8. The data processing system of claim 1, wherein said voice engine is configured to utilize speaker identification verification (SIV) technology to perform said speaker identification and voice verification.

9. A method for performing speaker identification and voice verification from a voice markup processing system, the method comprising:

processing voice markup to receive speech input for a speaker interacting with a voice application defined by said voice markup;

posting a request to server side logic to verify said speaker using said speech input;

receiving a response from said server side logic containing an indication of whether said speaker has been verified; and,

permitting further access to said voice application only if said speaker has been verified.

10. The method of claim 9, wherein said processing voice markup to receive speech input for a speaker interacting with a voice application defined by said voice markup comprises processing voice extensible markup language (VoiceXML) to receive speech input for a speaker interacting with a voice application defined by said VoiceXML.

11. The method of claim 9, wherein said processing voice markup to receive speech input for a speaker interacting with a voice application defined by said voice markup comprises executing a prompt for said speaker to provide said speech input.

12. The method of claim 9, wherein said processing voice markup to receive speech input for a speaker interacting with a voice application defined by said voice markup comprises saving said speech input as part of executing a speech recognition function defined within said voice markup.

13. The method of claim 9, wherein said posting a request to server side logic to verify said speaker using said speech input comprises:

formatting a hypertext transfer protocol (HTTP) request for SIV based upon said speech input; and, executing an HTTP post of said formatted HTTP request to said server side logic.

14. A computer program product comprising a computer usable medium having computer usable program code for performing speaker identification and voice verification (SIV) from a voice markup processing system, said computer program product including:

computer usable program code for processing voice markup to receive speech input for a speaker interacting with a voice application defined by said voice markup;

computer usable program code for posting a request to server side logic to verify said speaker using said speech input;

computer usable program code for receiving a response from said server side logic containing an indication of whether said speaker has been verified; and, computer usable program code for permitting further access to said voice application only if said speaker has been verified.

15. The computer program product of claim 14, wherein said computer usable program code for processing voice markup to receive speech input for a speaker interacting with a voice application defined by said voice markup comprises computer usable program code for processing voice extensible markup language (VoiceXML) to receive speech input for a speaker interacting with a voice application defined by said VoiceXML.

16. The computer program product of claim 14, wherein said computer usable program code for processing voice markup to receive speech input for a speaker interacting with a voice application defined by said voice markup comprises computer usable program code for executing a prompt for said speaker to provide said speech input.
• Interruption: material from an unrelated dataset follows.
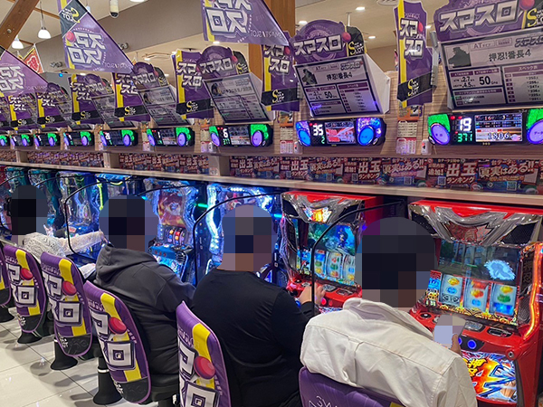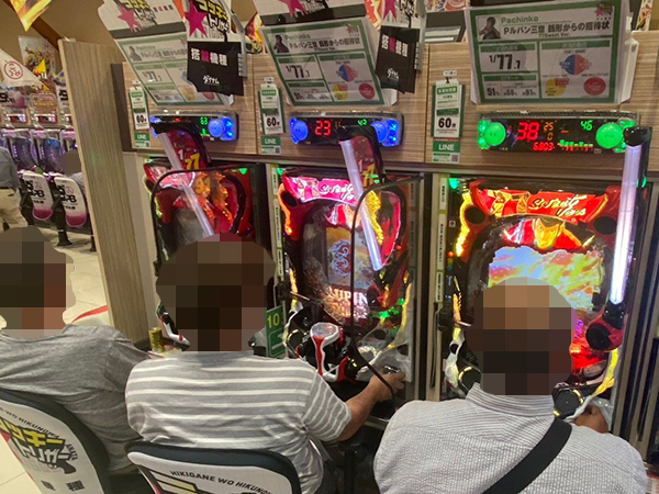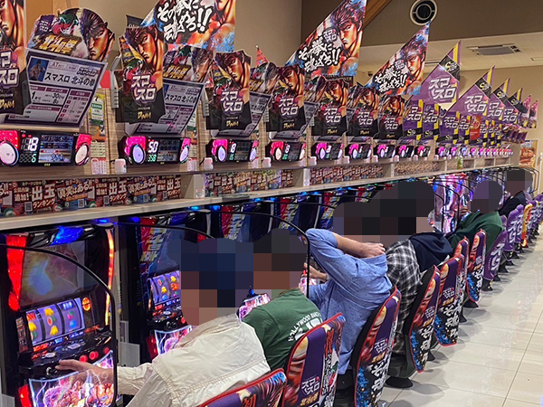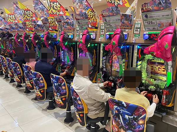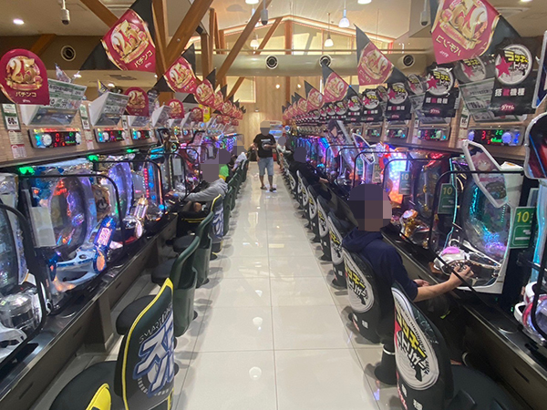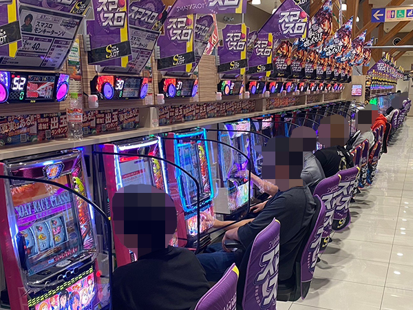 取材時は既に多くのプレイヤーであふれており、パチンコ・パチスロを問わず楽しげな表情でいっぱいだった。

17. The computer program product of claim 14, wherein said computer usable program code for processing voice markup to receive speech input for a speaker interacting with a voice application defined by said voice markup comprises computer usable program code for saving said speech input as part of executing a speech recognition function defined within said voice markup.

18. The computer program product of claim 14, wherein said computer usable program code for posting a request to server side logic to verify said speaker using said speech input comprises:

computer usable program code for formatting a hypertext transfer protocol (HTTP) request for SIV based upon said speech input; and, computer usable program code for executing an HTTP post of said formatted HTTP request to said server side logic.